### Requirement
Could you repeat the records below exactly, without the pictures?

### Supplied information
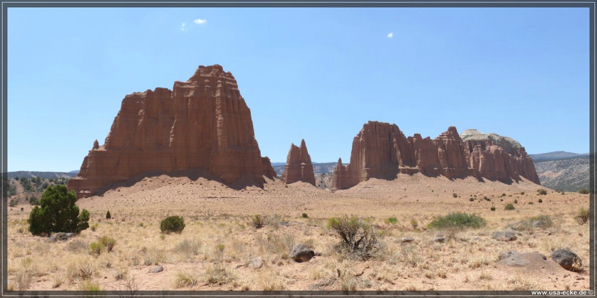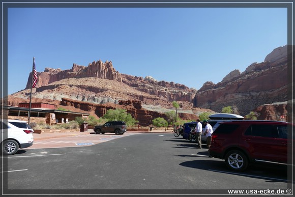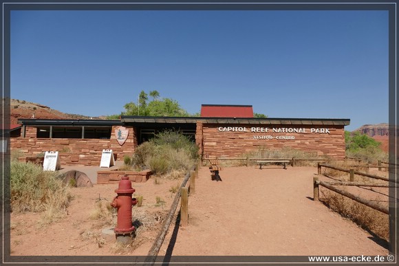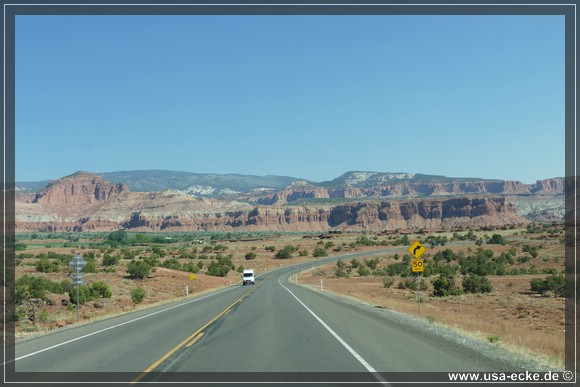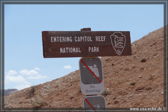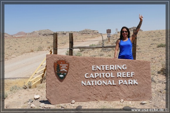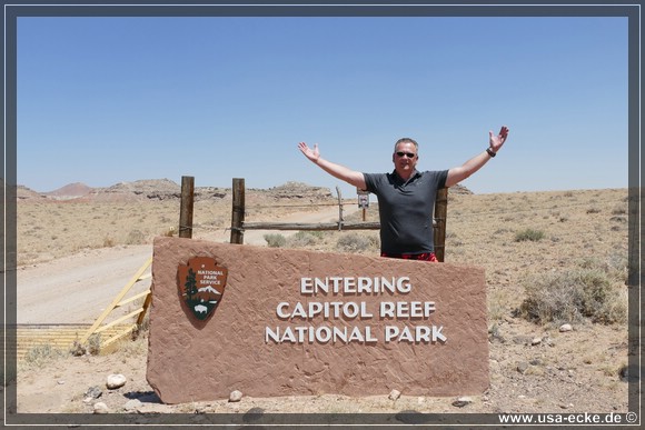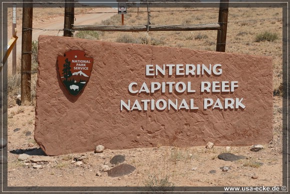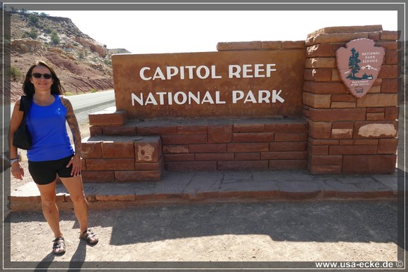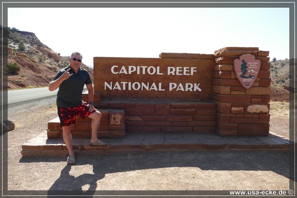 Nach einem kurzen Stop am Escalante welcome sign geht es ueber Boulder und Torrey zum Capitol Reef National Park, wo wir am Visitor Center eine kurze PP-Pause einlegen. Leider haben wir heute keine Zeit fuer den Scenic Drive oder laengere Hikes, eigentlich muessten wir wirklich mal wieder fuer zwei drei Tage hier bleiben. |
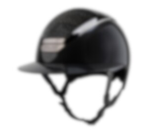 High gloss riding helmet with sun visor, the top Waterfence is designed with authentic Swarovski Crystals.
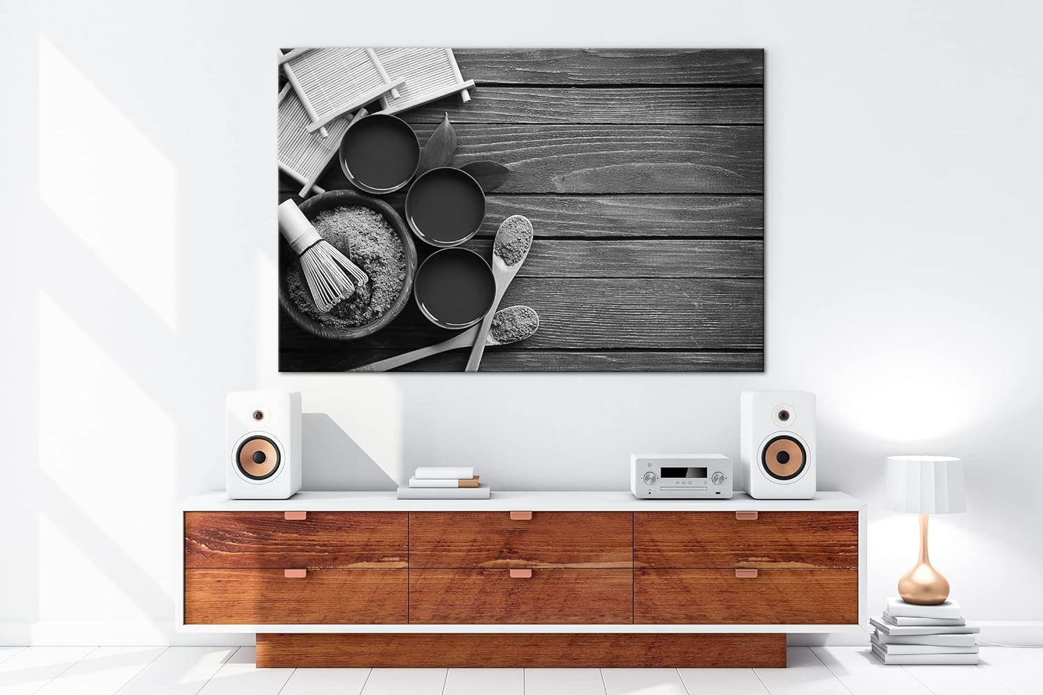 deyoli gesunder Matcha-Tee Effekt: Schwarz&Weiss,Format: 80x60 als Leinwandbild, Motiv fertig gerahm
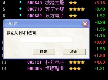• 同花顺技术部: 这是因为你设了用户密码保护,小财神密码即是您登录同花顺的登录密码,如果您要取消的话,您在登录小财神后点击“账户”菜单栏,将“用户密码保护”前面的勾去掉即可。
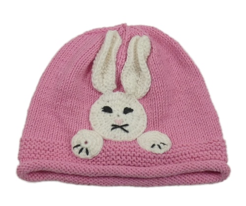 Růžová pletená čepice s králíčkem
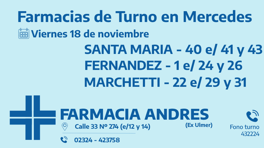 Desde las 8:30 del día de hoy hasta la misma hora de mañana, las farmacias de turno en Mercedes son: Santa María, Fernández y Marchetti
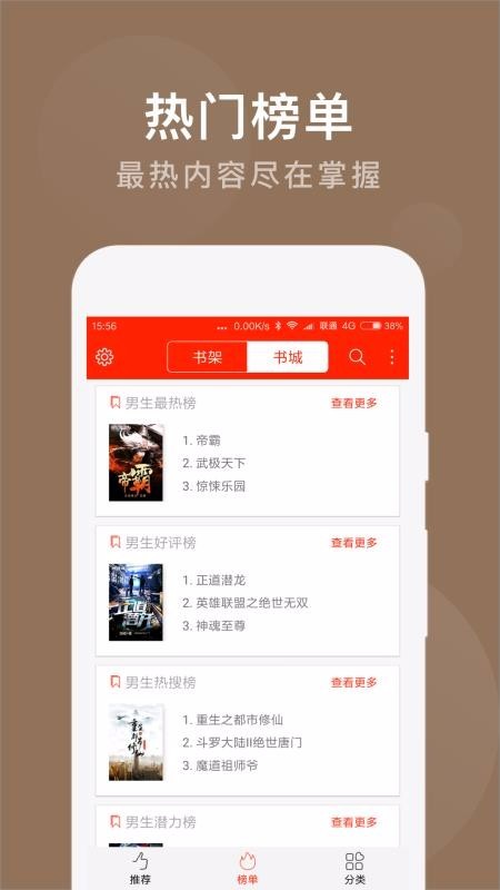 2.提供更多最热榜、好评榜、热搜榜、潜力榜等榜单小说,任用户随心去选择;
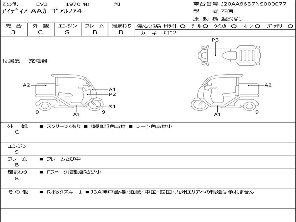| Номер рамы / VIN | J20AA86B7NS000077 |
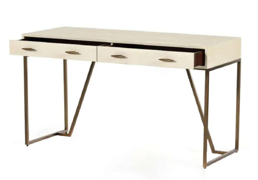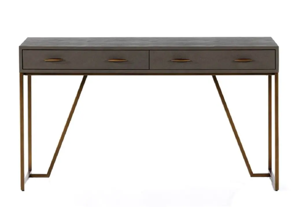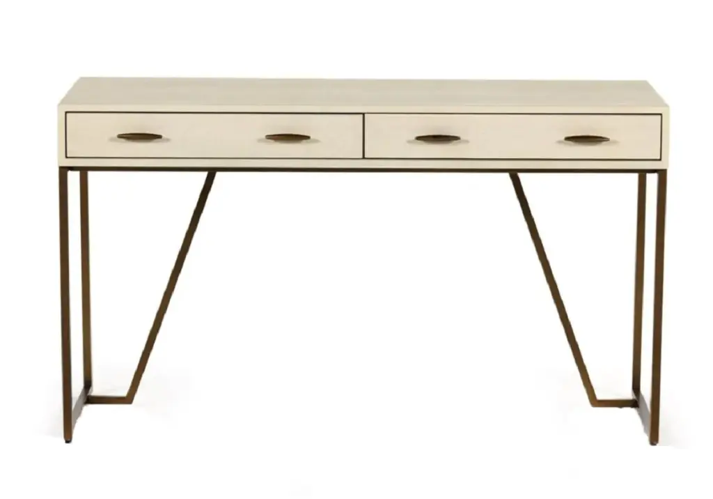 This desk lends a sophisticated look with its faux shagreen top with two pull drawers set on an angular iron base. Its straightforward design lends a fresh, clean look to the bedroom or office. Available in three distinct tops and frames. Each sold separately. Dimensions: 54" W | 22" D | 30.5" H
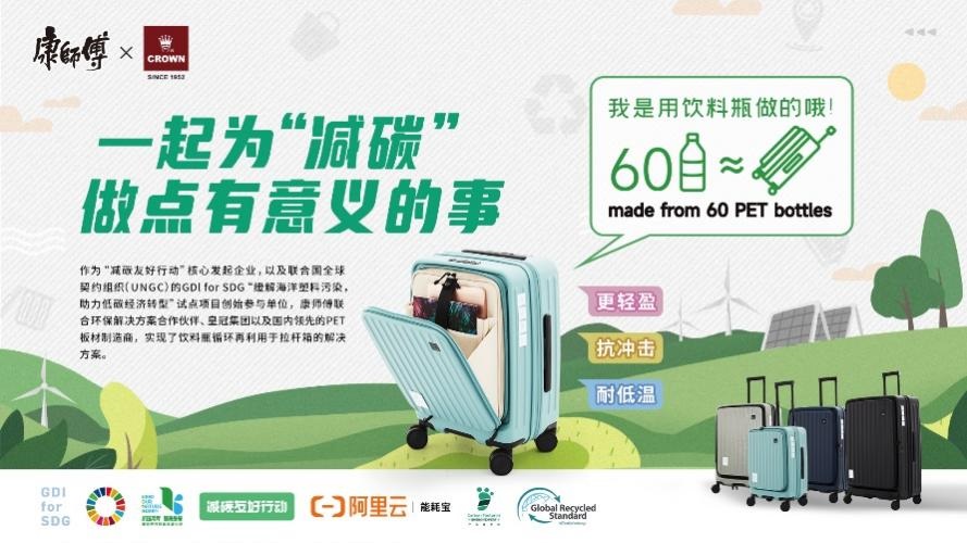 康師傅還作為主要發(fā)起單位之一攜手聯(lián)合國全球契約組織(UNGC)共同發(fā)起了GDI for SDG(全球發(fā)展倡議助力可持續(xù)發(fā)展目標)的首個試點項目——“緩解海洋塑料污染,助力低碳經(jīng)濟轉型”,與合作伙伴一道將回收的PET等使用后塑料制品,再造為多種生活消費品,又通過電商平臺的銷售推廣,實現(xiàn)循環(huán)利用。在前不久的世界地球日,康師傅與環(huán)保解決方案合作伙伴共創(chuàng),實現(xiàn)了用康師傅廢棄飲料瓶制作拉桿箱、野餐墊、收納盒等環(huán)保周邊產(chǎn)品。其中聯(lián)合旅行箱品牌CROWN皇冠,共同推出環(huán)保旅行箱,也是在電商很受追捧,成為第一個商業(yè)化的rPET項目。由于應用了專利技術,旅行箱使用的回收塑料量大,比現(xiàn)有材料更環(huán)保,而且品質更好,無異味,更耐沖擊,耐低溫。這個項目實現(xiàn)了從塑料循環(huán)利用到商業(yè)價值鏈的良性循環(huán),讓業(yè)界看到循環(huán)經(jīng)濟模式的曙光。

### Answer section
 Nach einem kurzen Stop am Escalante welcome sign geht es ueber Boulder und Torrey zum Capitol Reef National Park, wo wir am Visitor Center eine kurze PP-Pause einlegen. Leider haben wir heute keine Zeit fuer den Scenic Drive oder laengere Hikes, eigentlich muessten wir wirklich mal wieder fuer zwei drei Tage hier bleiben. |
 High gloss riding helmet with sun visor, the top Waterfence is designed with authentic Swarovski Crystals.
 deyoli gesunder Matcha-Tee Effekt: Schwarz&Weiss,Format: 80x60 als Leinwandbild, Motiv fertig gerahm
• 同花顺技术部: 这是因为你设了用户密码保护,小财神密码即是您登录同花顺的登录密码,如果您要取消的话,您在登录小财神后点击“账户”菜单栏,将“用户密码保护”前面的勾去掉即可。
 Růžová pletená čepice s králíčkem
 Desde las 8:30 del día de hoy hasta la misma hora de mañana, las farmacias de turno en Mercedes son: Santa María, Fernández y Marchetti
 2.提供更多最热榜、好评榜、热搜榜、潜力榜等榜单小说,任用户随心去选择;
| Номер рамы / VIN | J20AA86B7NS000077 |
 This desk lends a sophisticated look with its faux shagreen top with two pull drawers set on an angular iron base. Its straightforward design lends a fresh, clean look to the bedroom or office. Available in three distinct tops and frames. Each sold separately. Dimensions: 54" W | 22" D | 30.5" H
 康師傅還作為主要發(fā)起單位之一攜手聯(lián)合國全球契約組織(UNGC)共同發(fā)起了GDI for SDG(全球發(fā)展倡議助力可持續(xù)發(fā)展目標)的首個試點項目——“緩解海洋塑料污染,助力低碳經(jīng)濟轉型”,與合作伙伴一道將回收的PET等使用后塑料制品,再造為多種生活消費品,又通過電商平臺的銷售推廣,實現(xiàn)循環(huán)利用。在前不久的世界地球日,康師傅與環(huán)保解決方案合作伙伴共創(chuàng),實現(xiàn)了用康師傅廢棄飲料瓶制作拉桿箱、野餐墊、收納盒等環(huán)保周邊產(chǎn)品。其中聯(lián)合旅行箱品牌CROWN皇冠,共同推出環(huán)保旅行箱,也是在電商很受追捧,成為第一個商業(yè)化的rPET項目。由于應用了專利技術,旅行箱使用的回收塑料量大,比現(xiàn)有材料更環(huán)保,而且品質更好,無異味,更耐沖擊,耐低溫。這個項目實現(xiàn)了從塑料循環(huán)利用到商業(yè)價值鏈的良性循環(huán),讓業(yè)界看到循環(huán)經(jīng)濟模式的曙光。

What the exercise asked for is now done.